▶ [DATA EXCERPT]

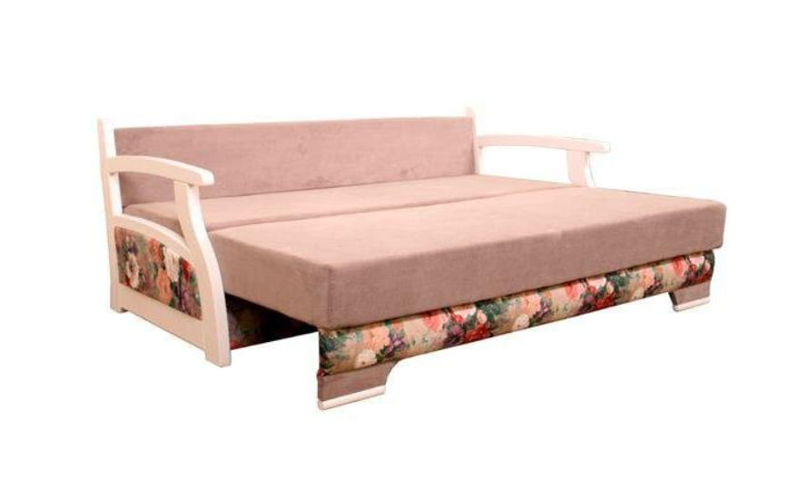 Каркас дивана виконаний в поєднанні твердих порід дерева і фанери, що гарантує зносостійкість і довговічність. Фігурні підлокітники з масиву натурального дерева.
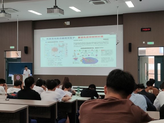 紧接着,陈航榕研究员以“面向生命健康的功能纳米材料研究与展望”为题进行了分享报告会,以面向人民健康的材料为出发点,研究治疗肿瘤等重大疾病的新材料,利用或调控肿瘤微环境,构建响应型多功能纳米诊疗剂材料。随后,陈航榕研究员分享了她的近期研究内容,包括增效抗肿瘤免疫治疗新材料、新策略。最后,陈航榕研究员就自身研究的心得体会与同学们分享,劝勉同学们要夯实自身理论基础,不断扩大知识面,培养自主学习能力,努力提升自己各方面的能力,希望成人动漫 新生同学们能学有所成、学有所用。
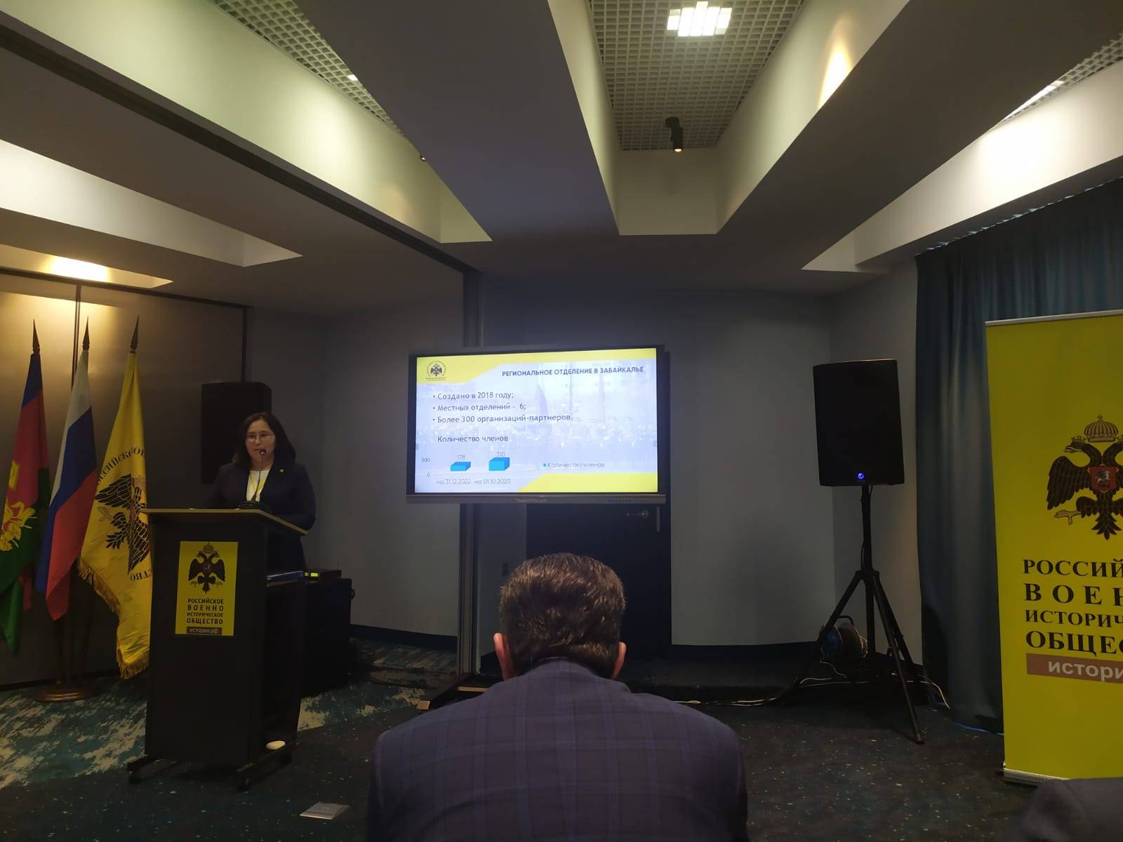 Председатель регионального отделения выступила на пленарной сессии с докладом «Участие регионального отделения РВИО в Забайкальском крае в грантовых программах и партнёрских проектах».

▶ [THE TASK]
Restate all of the material word for word, leaving every picture out.

▶ [RESULT FOR THIS TASK]
 Каркас дивана виконаний в поєднанні твердих порід дерева і фанери, що гарантує зносостійкість і довговічність. Фігурні підлокітники з масиву натурального дерева.
 紧接着,陈航榕研究员以“面向生命健康的功能纳米材料研究与展望”为题进行了分享报告会,以面向人民健康的材料为出发点,研究治疗肿瘤等重大疾病的新材料,利用或调控肿瘤微环境,构建响应型多功能纳米诊疗剂材料。随后,陈航榕研究员分享了她的近期研究内容,包括增效抗肿瘤免疫治疗新材料、新策略。最后,陈航榕研究员就自身研究的心得体会与同学们分享,劝勉同学们要夯实自身理论基础,不断扩大知识面,培养自主学习能力,努力提升自己各方面的能力,希望成人动漫 新生同学们能学有所成、学有所用。
 Председатель регионального отделения выступила на пленарной сессии с докладом «Участие регионального отделения РВИО в Забайкальском крае в грантовых программах и партнёрских проектах».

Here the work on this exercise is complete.